A few days ago (on Tuesday, June 27th), I lost a friend—Alvin Burstein, who most people called “Al.” By the time I met Al, he was already retired from a long career as a clinical psychologist and educator. I met him in a different capacity when I joined a small, newly begun writing group on the Northshore of Lake Pontchartrain, across the lake from New Orleans. Al and his wife Sandra were early members of that group, which underwent quite a few changes before a hardcore cadre of stalwarts coalesced. Al, who was very much a man of literature, suggested we call our group Louisiana Inklings, after a much more famous group of writers, most notably including C. S. Lewis and J.R.R. Tolkien. Inklings met for many years, initially at a local library or occasionally a restaurant, and finally at Al and Sandra’s elegant home on the Northshore. (It continued in somewhat truncated form even after Covid hit.)

Al was a fan of sushi as well as literature, and he and I and Sandra met sometimes outside the group for raw fish, rice, and conversation. Al had written many academic and scholarly articles in his career (here is a link to his vita), but at this time in his life he’d stoked his fire for fiction. And he was a talented and precise wordsmith, but often a playful one, as witnessed by a story of his that I republished in an anthology I edited of the Inkling crew’s work—“The Crawfish Boil.”
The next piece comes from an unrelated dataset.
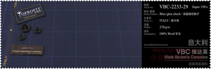 杜普菲:100%進(jìn)口面料、生產(chǎn)地:意大利、顏色圖案:深藍(lán)格倫格子、成份:100%羊毛、VBC維達(dá)菜:高級(jí)西裝面料
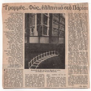 Artistes grecs à Paris Ιωάννα Σπητέρη-Βεροπούλου (1920 - 2000) ; Μάρκος Βαφειάδης (1906 - 1992) ; Μπέλλα Ραφτοπούλου (1902 - 1992) ; Παύλος (Διονυσόπουλος) (1930 - 2019) ; Τζον Χριστοφόρου (1921 - 2014) ; Αλέκος Φασιανός (1935 - 2022) ; Μανώλης Καλλιγιάννης ; Γαβριέλλα Σίμωσι (1926 - 1999) ; Γιάννης Τσαρούχης (1910 - 1989) ; Κώστας Τσόκλης (1930) ; Δανιήλ (1924 - 2008) ; Κώστας Κουλεντιανός (1918 - 1995) ; Ντίκος Βυζάντιος (1924 - 2007) ; Ρένα Τζολάκη (1930) ; Αριστομένης Αγγελόπουλος (1900 - 1990) ; Φιλόλαος (1923 - 2010) ; Γιάννης Φωκάς (1951) ; Κώστας Χαραλαμπίδης (1946) ; Άλκης Πιερράκος (1920 - 2017) ; Βασίλης Σπεράντζας (1938) ; Σαράντης Καραβούζης (1938 - 2011) ; Γιούλικα Λακερίδου (1940) ; Άννα Κινδύνη-Μαρουδή ; Τίτα Κριεζή (1930 - 2021) ; Αγλαΐα Λυμπεράκη (1923 - 1985) ; Κώστας Μακρής ; Γιάννης Μαλτέζος (1915 - 1987) ; Ιάσων Μολφέσης (1925 - 2009) ; Κωνσταντίνος Μόραλης ; Γιάννης Μπουτέας (1941) ; Κωνσταντίνος Ξενάκης (1931 - 2020) ; Ναυσικά Πάστρα (1921 - 2011) ; Gisele Πράσινου ; Βασιλική Τσεκούρα (1947) ; Πάνος Ελευθερίου ; Δημήτρης Ράτσικας (1946) ; Νίκος Δαμιανάκης (1920 - 2005) ; Μίλτος Παντελιάς (1954) ; Νίκος Τσιώτης ; Εριέττα Βορδώνη (1959) ; Κωνσταντίνος Γιαννικούρης

Al was also astute at the critique work of the group. Although his often-blunt commentary occasionally left some hard feelings early on, his intent was never to cut but to clarify. His deeply analytical and probing mind, having been honed by years working as a clinical psychologist, sliced through the BS and centered on the heart of the matter—what was the story trying to say and was it successful at it.

Although Al and my writing styles could scarcely have been more different, we both appreciated and respected the other’s work. Al understood what I was trying to accomplish and why my characters were described as they were, and he often made inciteful comments that helped me clarify my thoughts. (He was also great at catching typos.)

Al had quite a long life. His energy seldom faltered; his commitment to quality in his own work and in that of others never did. Al was also a Francophile and the picture above, taken by Sandra, shows him at the Academie Francaise in Paris. Perhaps the best sample of his literary style can be found in "The Owl," which was published in 2012. A delightful novella.  

Al Burstein was a fine man, a fine writer, and a wonderful friend. I’ll miss him.